What then are the characteristics of Christian faith, of scientific faith? There are two sides of this faith. There is the call and the response.

The call is an inner voice. It is an inner vision. Now here are many voices that speak to a man's soul. There are the clamoring voices of the self-life, the whimper of fear, the trumpets of prejudice, the whisper of pride, the shout of lust, the command of ambition.

And there are voices from the outside: there are the threats of the powerful, the bribing promises of privilege, the chances for security. How many are the voices that drown out the still small voice of God! Yet creative faith cannot be born without the discernment in your soul of the voice of God.
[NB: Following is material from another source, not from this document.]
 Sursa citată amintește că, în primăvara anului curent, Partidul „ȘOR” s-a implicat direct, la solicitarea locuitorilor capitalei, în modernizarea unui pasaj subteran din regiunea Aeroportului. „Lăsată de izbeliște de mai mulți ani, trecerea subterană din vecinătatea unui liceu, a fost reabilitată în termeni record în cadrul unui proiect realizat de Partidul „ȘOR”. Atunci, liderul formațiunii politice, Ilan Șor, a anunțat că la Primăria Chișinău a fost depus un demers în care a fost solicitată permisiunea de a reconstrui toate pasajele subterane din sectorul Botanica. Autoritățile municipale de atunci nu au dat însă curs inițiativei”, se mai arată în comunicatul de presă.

Now, the voice of God has an unmistakable quality. Even if we dare not to believe that it is of God, the secret recesses of our being confirm its origin. Since the dawn of recorded history man has been witnessing to a divine voice that speaks to him. Therefore, search not for the voice of God to speak to you out of lightning and thunder. The spectacle, the novelty, is never His mouth. He speaks in the stillness of a quiet soul. That declares Him. That is His mouth which fulfills His promises of old. Jesus has been criticized because He brought no new doctrine. But His uniqueness lies not in His teaching but in the fact that He fulfills the old; that He fulfills the law and the prophets. It is for this reason that we encounter the voice of God supremely in the person of Jesus Christ.
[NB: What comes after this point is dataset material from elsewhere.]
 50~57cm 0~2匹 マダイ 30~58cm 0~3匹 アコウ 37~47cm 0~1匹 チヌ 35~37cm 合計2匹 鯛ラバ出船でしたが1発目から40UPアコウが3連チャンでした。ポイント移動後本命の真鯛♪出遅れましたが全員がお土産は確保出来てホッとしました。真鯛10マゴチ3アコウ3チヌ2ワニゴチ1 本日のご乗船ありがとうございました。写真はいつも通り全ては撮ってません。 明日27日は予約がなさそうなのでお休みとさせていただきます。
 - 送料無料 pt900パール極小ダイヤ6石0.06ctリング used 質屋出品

John says, "No man has seen God at any time; the only begotten son which is in the bosom of the father, He hath declared Him." The voice of God never bribes the self-life within us. Rather, its very quality commands our allegiance and creates a desire within us to follow Him. And the knowledge of this truth changes us so that we can never be the same again, whether we honor this knowledge with the love and devotion of our hearts, or whether we trample it under our feet. And so it is symbolized as a two-ledged sword for it brings with it both mercy and judgment. It brings mercy to those who receive it gladly. "But as many as received Him, to them gave He power to become the sons of God." To those who reject Him, it brings judgment. "And this is the condemnation, that light is come into the world, and men love darkness rather than light, because their deeds were evil."
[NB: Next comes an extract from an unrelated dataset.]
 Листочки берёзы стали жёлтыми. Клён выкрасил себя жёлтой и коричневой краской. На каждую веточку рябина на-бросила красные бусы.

The vital task of education, the vital task of the church, is to help bring to pass that mysterious event whereby we suddenly stand still to discern the still, small voice and know that it is God. The essential authority of the Scriptures, the essential authority of the person of Jesus Christ, the essential authority of the fellowship of the saints lies in this: they each partake of the spirit of God and therefore may at any moment become transparent to the light of God. If we want to develop a scientist we bring the aspirant into first-hand contact with science in the making. He thus captures the secret spirit of science by participating in the scientific process, by exposure to the minds that are seeing and creating, rather than predigested treatises about science. Even so, we bring the aspirant of the Christian experience into participation of the Christian life through worship, the sacrament, through the fellowship of saints, through sharing in the struggle to relate the principles of our Christian experience to our daily living.

It is my conviction that at the center of every creative life stands a divine call and that the measure of a man's greatness is the totality of a man's response to that call. In this age of propaganda it is necessary to distinguish between the great and the notorious, between the great and the famous. Greatness has nothing to do with publicity. It is the fruit of a profound relationship with a divine call.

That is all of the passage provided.